2012 marked a breakthrough for Artificial Intelligence (AI), in particular for the field of Machine Learning (ML) that deals with algorithms that improve automatically by learning from data. Back then, Geoffrey Hinton and his team at Toronto University managed to design and efficiently implement an artificial neural network on a set of graphics cards of the kind normally used to run the latest and greatest video games. For the first time, a neural network of this kind was fast enough to be trained on millions of images. As a result, their method clearly beat the state of the art in object classification, almost halving the error rate of the previous best result. It was the beginning of the success story of Deep Learning, a branch of Machine Learning exploring Deep Neural Networks (DNNs). Due to their deep architecture with many stacked layers of artificial neurons, DNNs are capable of learning from much more data samples than it was previously possible with other Machine Learning methods.

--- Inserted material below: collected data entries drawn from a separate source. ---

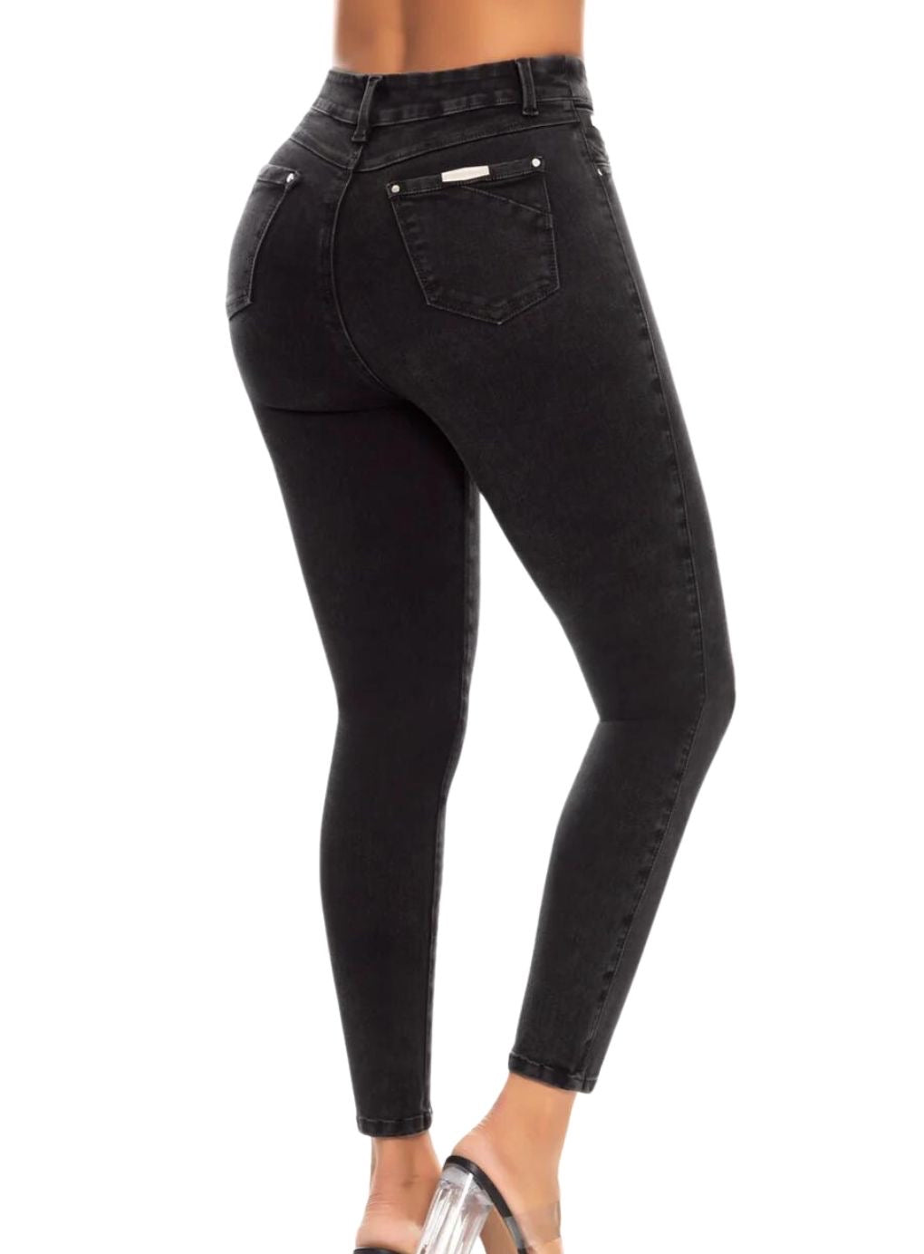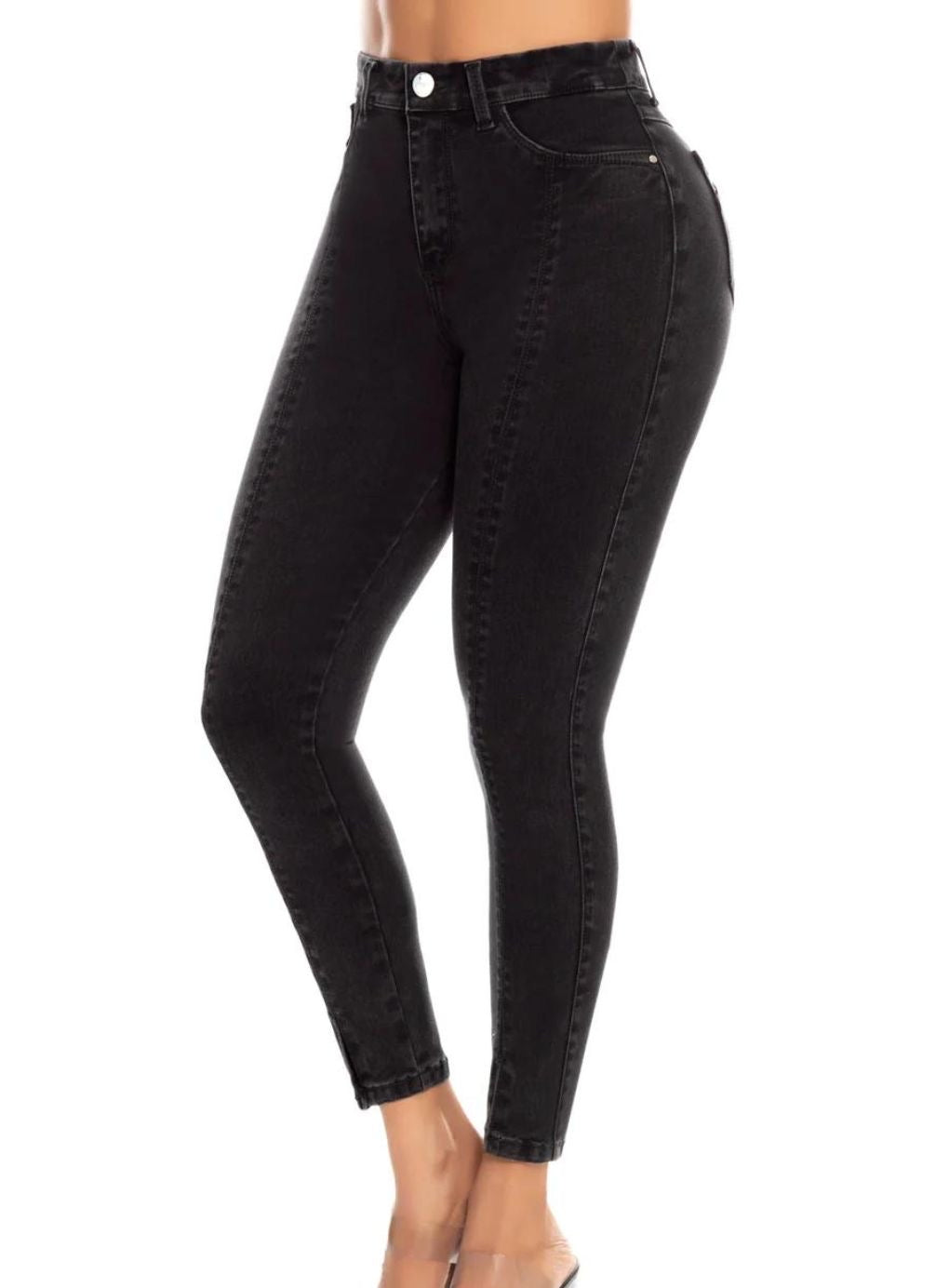 Colombian Jeans Butt Lift Blue. They are skinny boot pants, with a wide waistband with a high-rise button, in blue, made in indigo with contrasting contours with decorative appliqués, with back pockets. The hem design is rustic, it has the best comfort and last to highlight your figure.
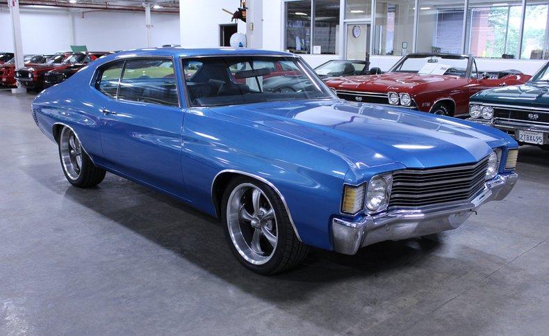 This clean and tastefully modified 1972 Chevrolet Malibu 2-Door Sport Coupe is rust-free and comes with its original build sheet detailing factory options like air conditioning, power brakes, front disc brakes, and power steering. Powered by its numbers-matching L48 350ci 4bbl V8 and paired with a column-shifted automatic transmission, it’s finished in factory Mulsanne Blue over a dark blue interior with a front bench seat. The car features aftermarket Torque Thrust wheels, runs strong, and drives exceptionally well. Believed to have original mileage given the pristine undercarriage, this Malibu is a great example of classic American muscle.
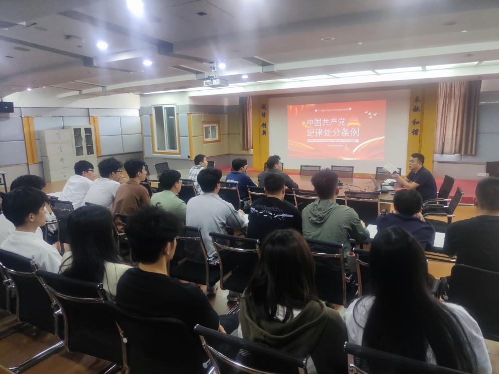 本次教育大会,首先进行了《中国共产党纪律处分条例》的学习,教育同学们在充分认识守纪律、讲规矩重要意义的同时,毕业生党员应该做到遵纪守法,将党纪内化于心,外化于行。其后,会议结合开展“关口前移”党规党纪教育的深刻初衷和必要意义。教育毕业生党员需要时刻给自己敲响警钟,要深知形成坚定的理想信念并不是一蹴而就、一劳永逸的,因此,走向工作岗位后,党员同学们也应该将党性的修养和业务知识的修炼同步进行。最后,教育毕业生离校前夕,要争做爱校荣校的排头兵、心理健康的守护人、安全稳定的维护者;在未来的工作和生活中,能够守正创新创享家国盛世,永葆本色常念平凡人生!
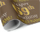 Este design de papel de embrulho apresenta uma mensagem como "FELIZ 69º ANIVERSÁRIO", com o "69º" a ter uma aparência falsa/imitação de ouro. Ele também apresenta um nome personalizável e um fundo castanho. Talvez possa ser utilizado quando se dá presentes para o sexagésimo nono aniversário de alguém. [~Z0000133]
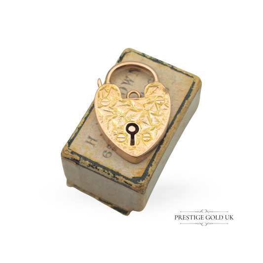 Antique William Lewis Engraved Heart Padlock 9ct Gold
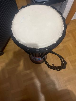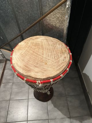 Djembe,tambor con forma de copa originario de África Occidental. Está hecho de un cuerpo de madera tallada y una membrana de piel de cabra que se tensa con cuerdas. Medidas base 30cm,alto 48cm.
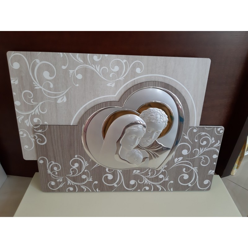 SACRA FAMIGLIA IN ARGENTO SU LEGNO VALENTI 54X76 CM
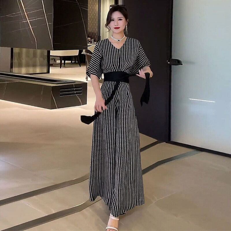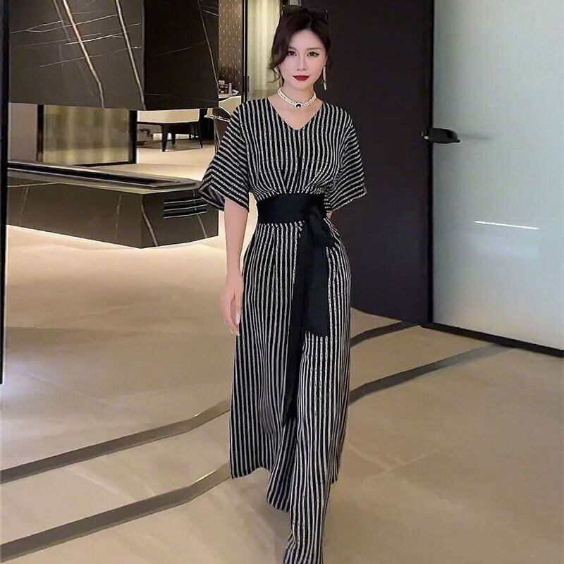 ストライプゆったりVネックトップス&ハイウエストワイドレッグパンツセットアップ【DL-2883】
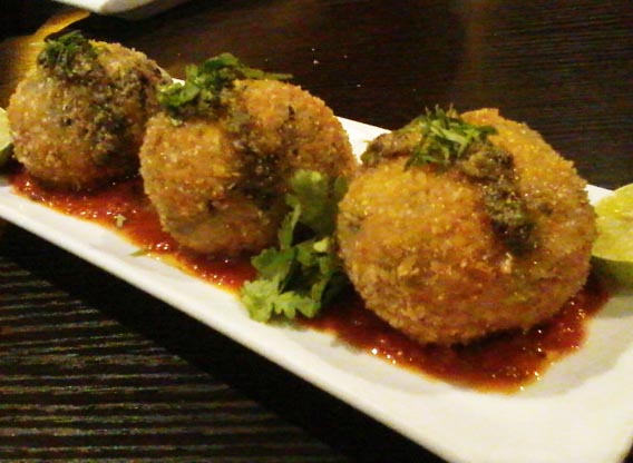 Luego, junto a mi acompañante, seguimos este maravilloso festín culinario con unos appetizers llamados Arancinis: una receta siciliana de rissotto negro de calamar, mozzarella, compota de tomate fresco, queso parmesano y albahaca. Una original y plácida elaboración.
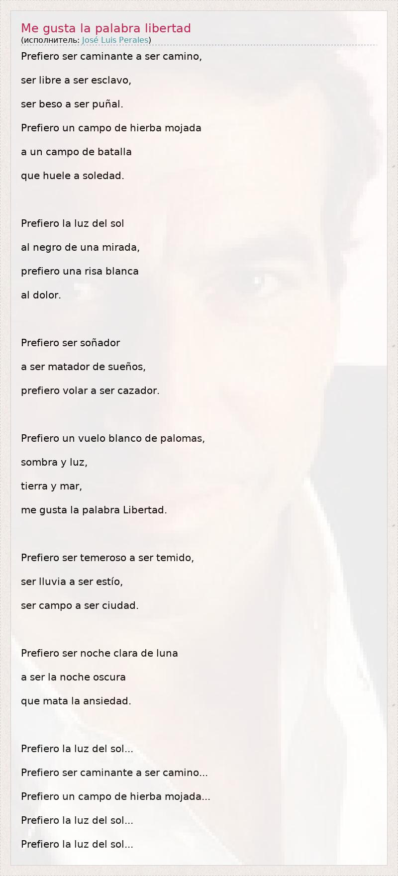 Prefiero ser caminante a ser camino, ser libre a ser esclavo, ser beso a ser puñal. Prefiero un campo de hierba mojada a un campo de batalla que huele a soledad. Prefiero la luz del sol al negro de una mirada, prefiero una risa blanca al dolor. Prefiero ser soñador a ser matador de sueños, prefiero volar a ser cazador. Prefiero un vuelo blanco de palomas, sombra y luz, tierra y mar, me gusta la palabra Libertad. Prefiero ser temeroso a ser temido, ser lluvia a ser estío, ser campo a ser ciudad. Prefiero ser noche clara de luna a ser la noche oscura que mata la ansiedad. Prefiero la luz del sol... Prefiero ser caminante a ser camino... Prefiero un campo de hierba mojada... Prefiero la luz del sol... Prefiero la luz del sol...
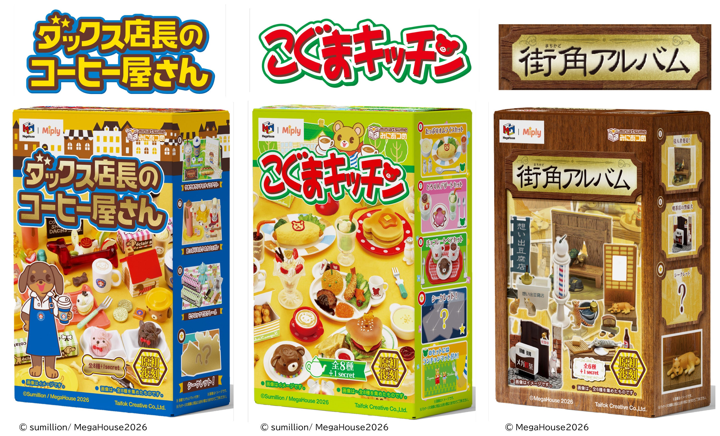 株式会社メガハウス(バンダイナムコグループ/本社:東京都千代田区)は、ミニチュアフィギュア、『みにあつめ』シリーズ第1弾、「ダックス店長のコーヒー屋さん」「こぐまキッチン」「街角アルバム」(全3商品)を2026年11月下旬より発売いたします。
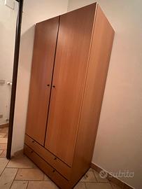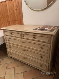Vendo in blocco (o singolarmente) quattro mobili contenitori in ottime condizioni, ideali per camere da letto o corridoi. Armadio Moderno: 2 ante e 2 ampi cassetti alla base, finitura legno chiaro naturale. Linea pulita, ideale per camerette o ripostigli. Armadio Vintage Anni '60: Grande modello a 4 ante in legno color miele, con maniglie originali e tipici piedini a spillo. Comò Laccato Panna: Cassettiera a 5 cassetti (2 piccoli superiori e 3 grandi) in stile classico con pomelli decorati. Comò Classico: Cassettone a 4 cassetti in legno scuro con maniglie in metallo dorato e cornice superiore sagomata. Ritiro a carico dell'acquirente. Per altre informazioni scrivere in privato.
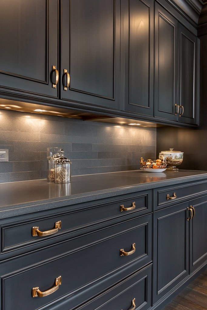 10. Dark Gray Cabinets with Warm Toned Hardware for Balance and Comfort
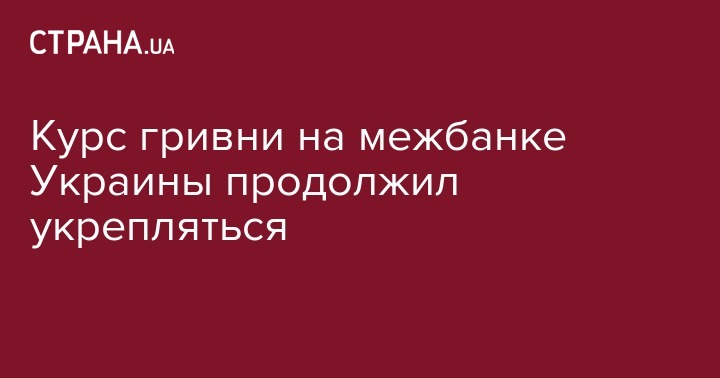 В понедельник, 11 марта курс гривни на межбанковском валютном рынке Украины укрепился до 26,35 грн/$1 с 26,3725 грн/$1 в пятницу, 8 марта.
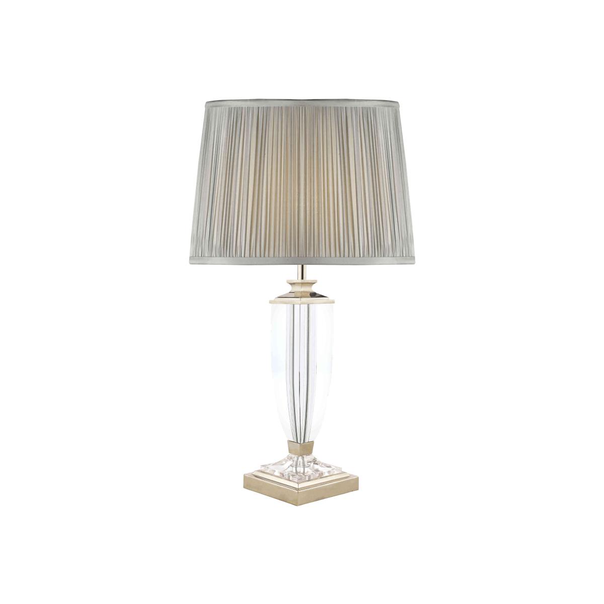 Beautifully detailed and finished, this Laura Ashley table lamp is an elegant statement piece for your home. Its smooth cut crystal base and silver lampshade complement each other perfectly. Why you'll love it A statement table lamp for your elegant home. Tapered vase-shaped cut crystal lamp base. Hand-polished for a perfectly smooth surface. Metal plinth and fittings in vintage nickel or antiqued brass. 100% pleated silk lampshade in silver. This medium-size table lamp is part of the Laura Ashley lighting collection. What you need to know Base is made of mild steel and crystal glass. 100% silk lampshade. Supplied with 150 cm cable. Requires 1 x BC (B22) GLS max. 60 W bulb (not included). Please do not exceed this wattage. To clean, wipe gently with a soft dry cloth. Do not use polishes or abrasive cleaning products. Disconnect from the power outlet before cleaning or changing the bulb. Dimensions including shade Height: 52 cm (21 in). Diameter: 31 cm (13 in).
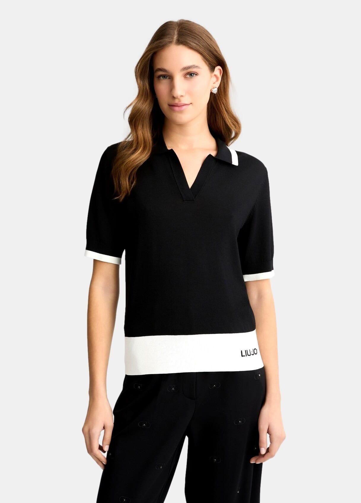 Maglia a coste,scollo a V,profili a contrasto,maniche corte,ecosostenibile.
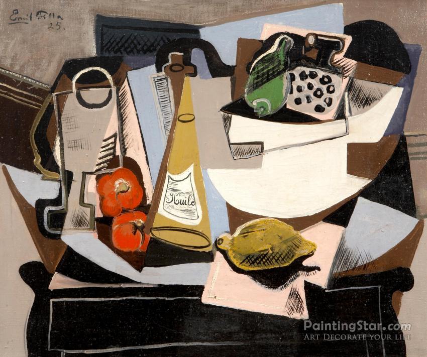 Still Life With A Lemon, Bottle Of Olive Oil, Bell Peppers And A Bowl Of Vegetables, 1925, Art Painting by Emil Filla
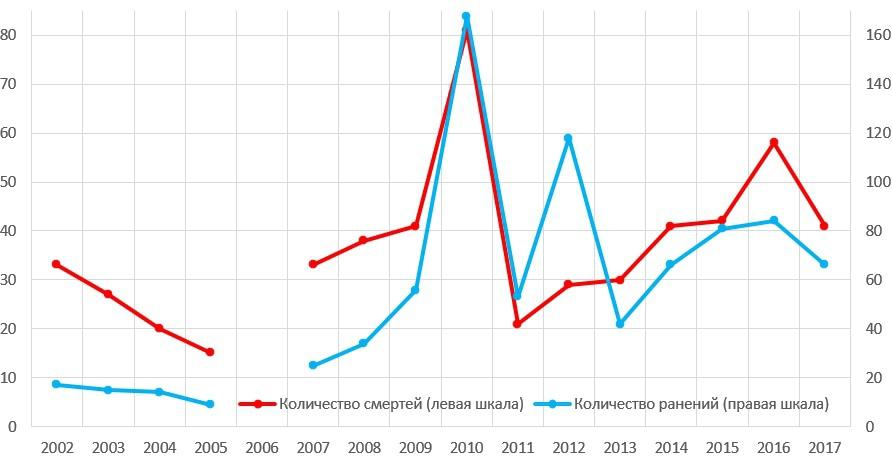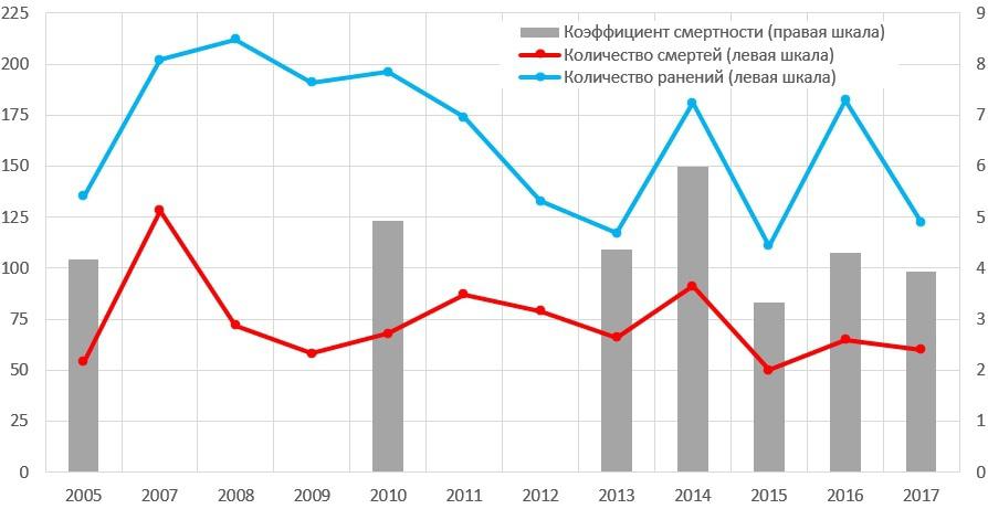 Однако даже самый поверхностный анализ статистики может показать, что это не так. Количество ранений и смертей в 2002-2005 гг. имело очень отчетливую тенденцию к сокращению и сейчас не превышало бы 10 случаев в год; оно уже было близко к этой линии в 2005 году, когда число погибших на рабочем месте составило 15 человек. Уже в 2007 году это число составило 33 человека, то есть выросло более чем в два раза. По сравнению с 2005 годом, среднегодовая смертность в 2007-2017 гг. была больше почти в 3 раза или на 176%. Таким образом, действительная оценка сверхсмертности, являющейся результатом данной реформы, должна составить от 316 до 376 человек, если в первом случае исходить из стабильной смертности в 15 человек в год (неизменный уровень 2005 года), а во втором исходить из сокращения смертности до 10 человек в год. Данные цифры также включают приблизительную оценку за вторую половину 2006 и первую половину 2018 года.
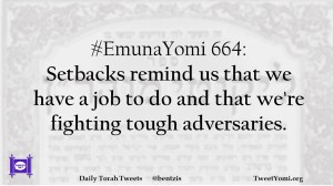 EmunaYomi #EmunaYomi 664 Date: November 23, 2018Author: ysspitz #EmunaYomi 664: Setbacks remind us that we have a job to do and that we’re fighting tough adversaries. Share this: Share on X (Opens in new window) X Share on Facebook (Opens in new window) Facebook Like Loading... Related
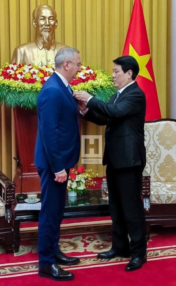 🥇 Шапше вручили государственную награду Вьетнама — Медаль дружбы Губернатор поблагодарил Президента Социалистической Республики Вьетнам Лыонг Кыонга за тёплую встречу и возможность обсудить перспективы сотрудничества между Калужской областью и Вьетнамом. ❤️ Калужане дорожат многолетней дружбой между нашими странами. «Рассказал Президенту Вьетнама о результатах нашей нынешней поездки, договорённостях, которых мы достигли на переговорах с руководством провинции Нгеан. И, конечно, о наших дальнейших планах с корпорацией TH», — отметил Владислав Шапша. Также глава региона представил потенциал и преимущества Калужской области, уделив особое внимание наиболее перспективным направлениям сотрудничества. «Так, большие надежды возлагаем на научно-образовательное партнёрство. Это и студенческий обмен, и совместная работа по борьбе с онкологией с применением радиофармпрепаратов», — добавил губернатор. 👏 Владислав Шапша выразил благодарность за честь быть удостоенным государственной награды
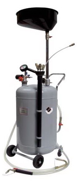 Объем емкости составляет 80 литров. Такой объем позволяет провести обслуживание большего количества автомобилей, в отличие от аналогичных установок других марок. Регулируемая по высоте приемная ванна с уклоном, объемом 18 литров, имеет сетчатый фильтр для удержания сливных пробок и фильтров. У основания приемной ванны расположен шаровый кран, перекрывающий слив жидкости в основную емкость до контроля ее состояния. Процедура откачки технических жидкостей через щупы основана на принципе вакуумирования, при котором создается разряжение и жидкость засасывается в емкость, и используется в тех случаях, когда слив невозможен. В комплекте с установкой поставляется набор из 6 щупов различной длины и материала. Индикатор уровня, расположенный на емкости, показывает ее наполненность и вовремя сигнализирует о необходимости опустошения. Для слива жидкости из установки необходимо подключить сжатый воздух к штуцеру, расположенному в верхней части емкости. Под давлением вся жидкость выливается через гибкий шланг с жестким наконечником в емкость большего объема и затем утилизируется. Давление воздуха контролируется по манометру. Для безопасности на корпусе установлен клапан избыточно давления, который предохраняет стенки от деформации и разрушения.
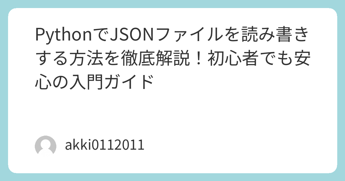 PythonでJSONファイルを読み書きする方法を徹底解説!初心者でも安心の入門ガイド - AkiEngineer

From the Cloud to the Edge
At Captural, we use Deep Learning for Computer Vision in order to build the next-generation photo book app. Computer Vision is the discipline that deals with how computers can gain high-level understanding from digital images or videos. It is one of the areas that profited and still profits most from the Deep Learning revolution. Many techniques such as face, object and scene recognition as well as image segmentation have improved greatly in accuracy and execution speed over the past few years. In addition, new exciting applications such as transferring the style from one image to another or synthesis of photo realistic images have emerged.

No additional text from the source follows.